Гловер посмотрел на меня пустым взглядом, который мог означать все, что угодно, потом покосился направо, и я вывернул шею, стараясь увидеть то, на что он хотел мне указать. Здесь рос камыш, но я ухитрился разглядеть деревянные мостки, которые примерно на фут возвышались над поверхностью воды. Я направил к ним лодку и вскоре услышал нежный шелест касавшегося днища камыша, а потом - и звуки, долетавшие с берега: перекличку крякв, верещание бурундуков и жужжание всевозможных букашек, вполне обычное в столь жаркий день. По вырезанным в глинистом берегу ступенькам спустился полицейский в синей рубахе с коротким рукавом и ступил на мостки, чтобы встретить нас. Кабы он не ухватился за нос лодки, мы бы врезались в причал и задвинули его фута на три вглубь суши. Полицейский привязал веревку к кольцу, и Гловер представил мне своего сослуживца - сержанта Теда Вэлентайна, который фотографировал стойбище Энея. Итак, теперь я знал, куда меня занесло.

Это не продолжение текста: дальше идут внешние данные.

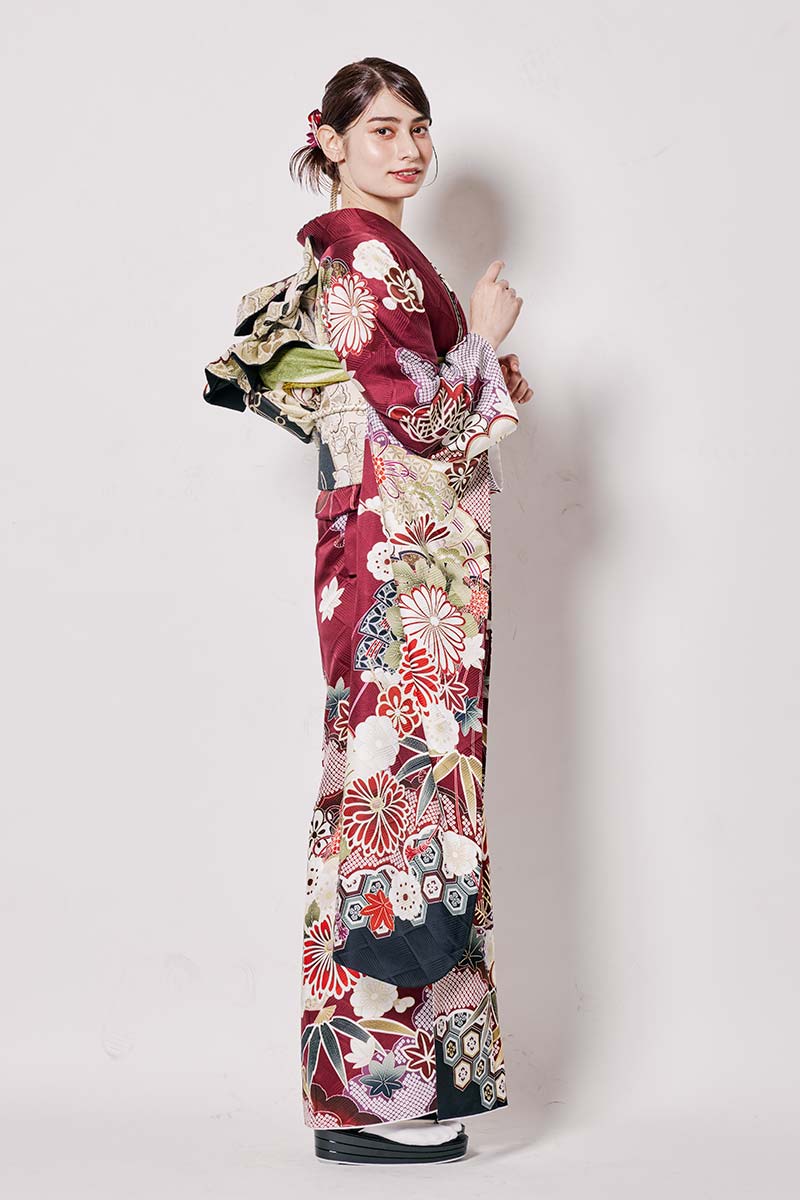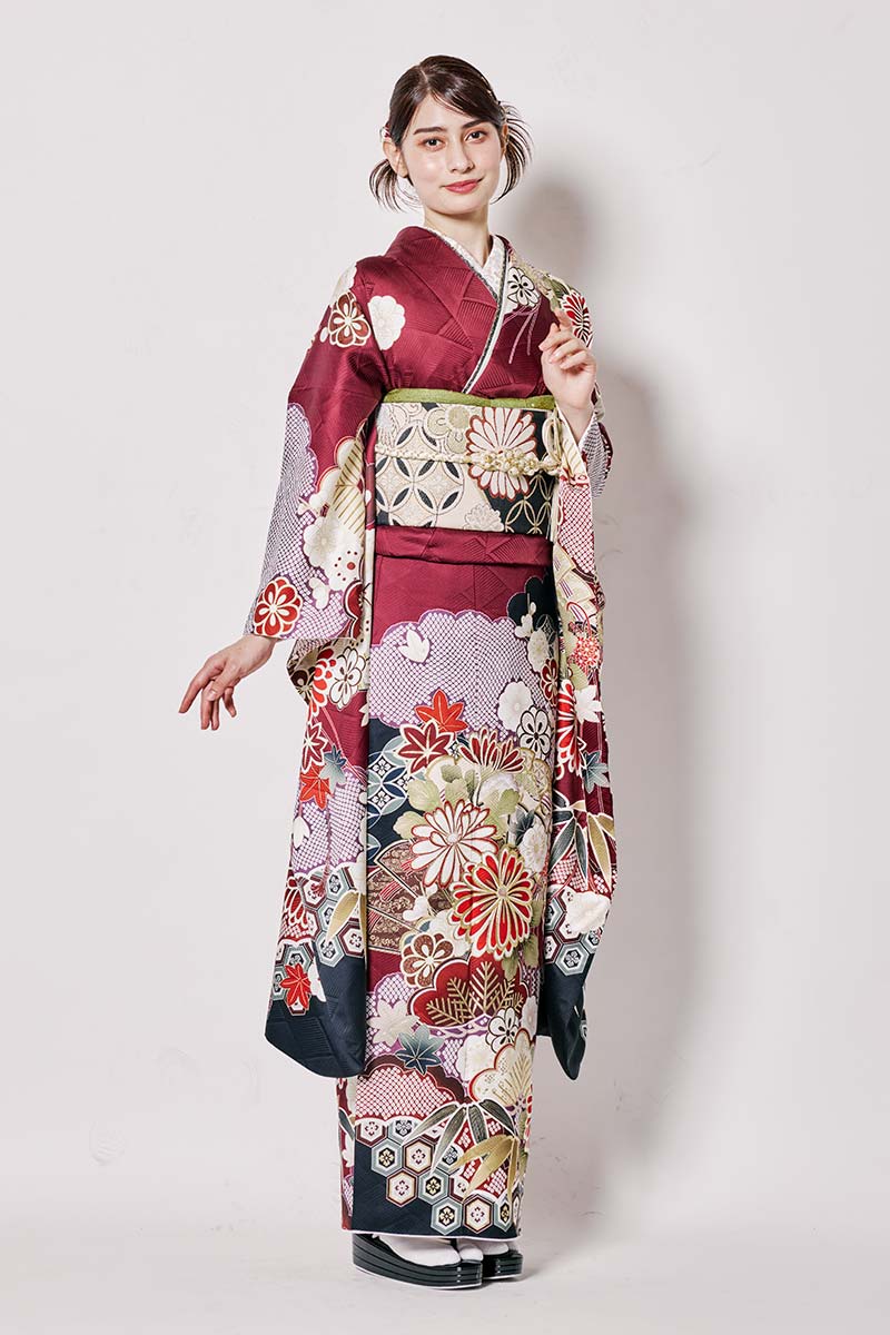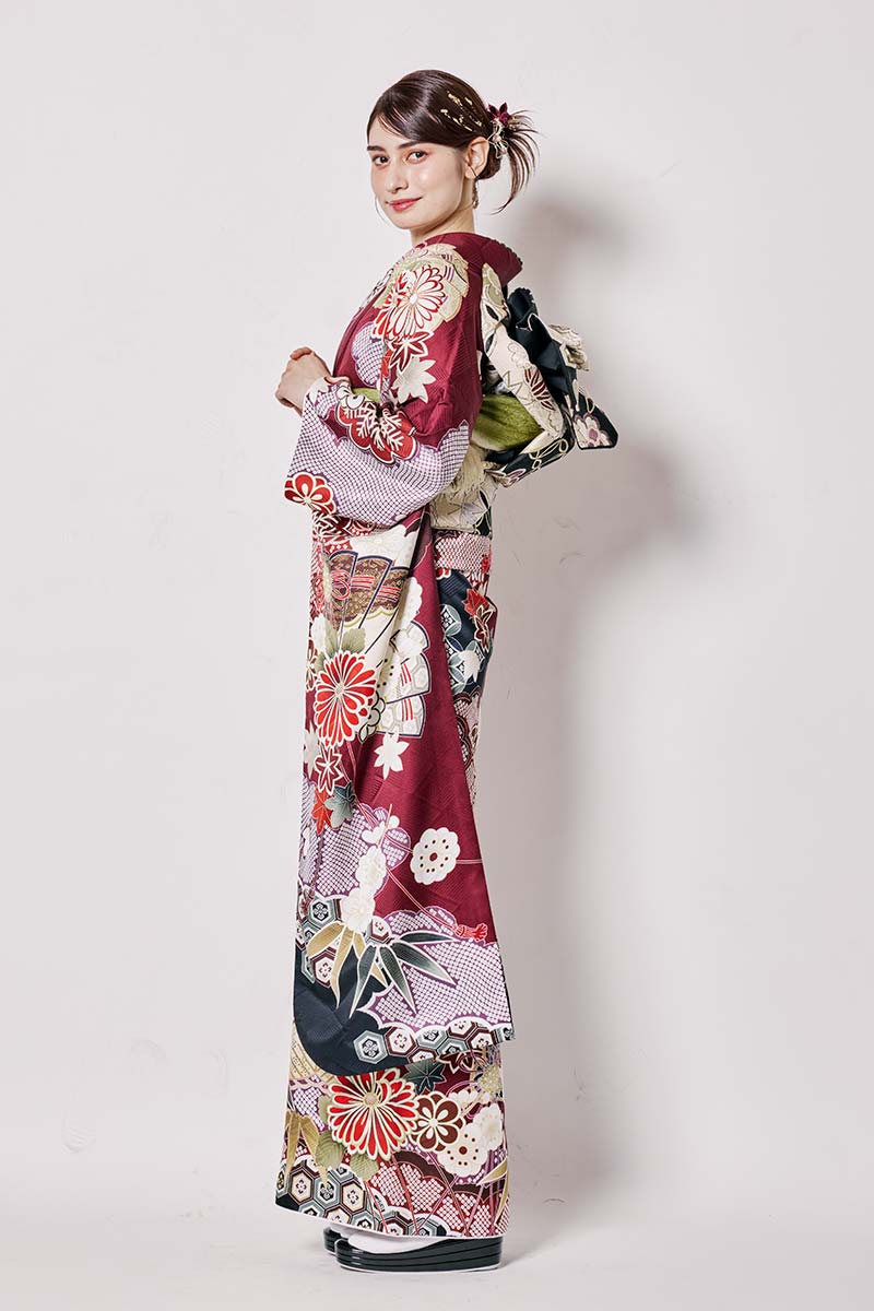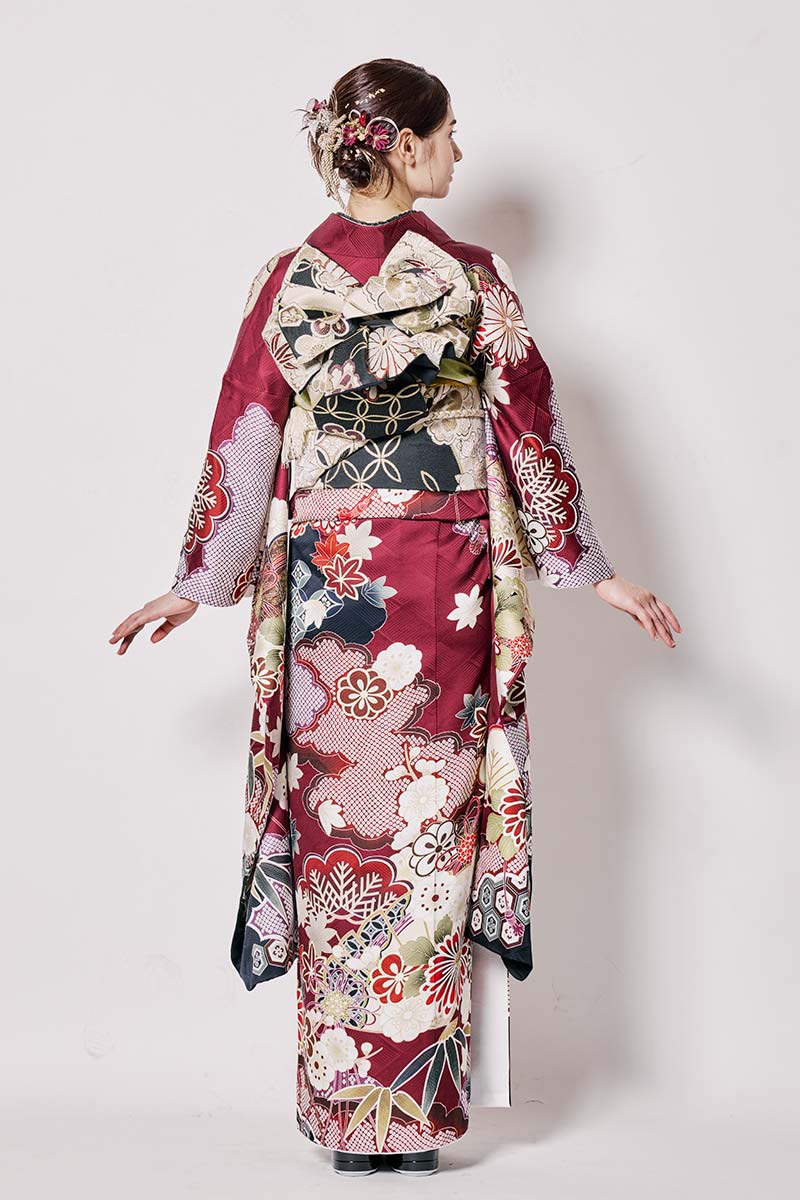 深紅と黒の地色に映える、華やかな古典柄が印象的な振袖。繊細な花模様と重厚感のある色合いが大人の気品を引き立て、格式高いシーンにふさわしい一着です。特別な日を華やかに彩ります。

Тот фрагмент пейзажа, который так интересовал провинциальную полицию Онтарио, был обнесен веревкой с болтавшимся на ней куском ленты. Когда я увидел участок живописной местности, столь бесцеремонно отделенный от лика природы, все вокруг тотчас сделалось серым. Опоясанные полицейским заграждением деревья и кусты выглядели точь-в-точь как музейная диорама или сценическая декорация. Они казались более чем реальными, но при этом им недоставало реалистичности. Еще один веревочный барьер - главный - закрывал доступ к кострищу и палатке Энея. Палатка была маленькая, походная. Ее вскрыли точно так же, как труп недавнего обитателя этого жилища, переселившегося в хантсвиллскую анатомичку. Оранжевый пластиковый пол казался почти новым, но спальный мешок был замызган. Очевидно, он долго и исправно согревал своего хозяина и под брезентовой крышей, и под открытым небом. Пока я озирался, стоя за пределами огороженного участка, Гловер и Вэлентайн успели провести безмолвное совещание.